HFT is frequently criticised for only generating "virtual liquidity" in the market. HFT detractors note that the liquidity produced is not "real" because the assets are only kept briefly. Before a normal investor can acquire the asset, it has already been traded numerous times by high frequency traders. The enormous liquidity produced by high-frequency trading (HFT) has largely dissipated by the time the average trader makes an order.
Additionally, high frequency traders (large financial organisations) are believed to frequently benefit at the cost of lesser-known market participants (smaller financial institutions, individual investors).
Finally, HFT has been linked to greater market volatility and even market collapses. Regulators have busted some high-frequency traders for using unlawful market influence techniques like spoofing and stacking. During the Flash Crash of 2010, it was established that HFT played a significant role in the extreme market instability.
<h2>Ethics and Market Impact</h2>
Some professionals criticise high-frequency trading because they think it provides big companies an unfair edge and unbalances the playing field. It can also harm other investors with long-term plans and purchase or trade in large quantities.
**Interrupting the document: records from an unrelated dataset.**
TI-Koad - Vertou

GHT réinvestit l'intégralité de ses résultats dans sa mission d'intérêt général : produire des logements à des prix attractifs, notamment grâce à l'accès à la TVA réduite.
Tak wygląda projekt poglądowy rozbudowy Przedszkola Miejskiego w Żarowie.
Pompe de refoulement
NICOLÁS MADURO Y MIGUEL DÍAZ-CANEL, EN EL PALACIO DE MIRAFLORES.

Critics also contend that new technologies and computerised trading, which began in the early 2000s, contribute to market volatility. Small and large collapses can be exacerbated by such technologies bulk liquidating their portfolios in response to particular market signals.
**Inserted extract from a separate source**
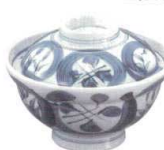
≒486-368 5.0蓋弁 φ15.6×11.3cm(磁)JPN 2,250円

Some European nations want to prohibit high-frequency trading to reduce volatility and, eventually, avoid events like the 2010 US Flash Crash and the Knight Capital crash.
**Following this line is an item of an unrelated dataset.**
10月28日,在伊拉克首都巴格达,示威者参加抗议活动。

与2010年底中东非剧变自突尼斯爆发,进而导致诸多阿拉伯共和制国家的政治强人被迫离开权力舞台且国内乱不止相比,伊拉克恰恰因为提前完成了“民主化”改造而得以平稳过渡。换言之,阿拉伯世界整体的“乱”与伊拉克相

Algorithms can also be written to start thousands of orders and rescind them seconds later, causing a brief price increase. Taking advantage of such deception is generally regarded as immoral and, in some cases, unlawful.
<h2>Final Words</h2>
High-frequency trading, or HFT, is a trading strategy that employs strong computer programmes to execute a large number of transactions in fractions of a second. It analyses numerous marketplaces and executes orders based on market circumstances using complex algorithms. Typically, traders with the quickest implementation rates are more lucrative than traders with slower execution speeds. In addition to fast transaction speeds, HFT is distinguished by high turnover rates and order-to-trade ratios. Tower Research, Citadel LLC, and Virtu Financial are some of the most well-known HFT companies.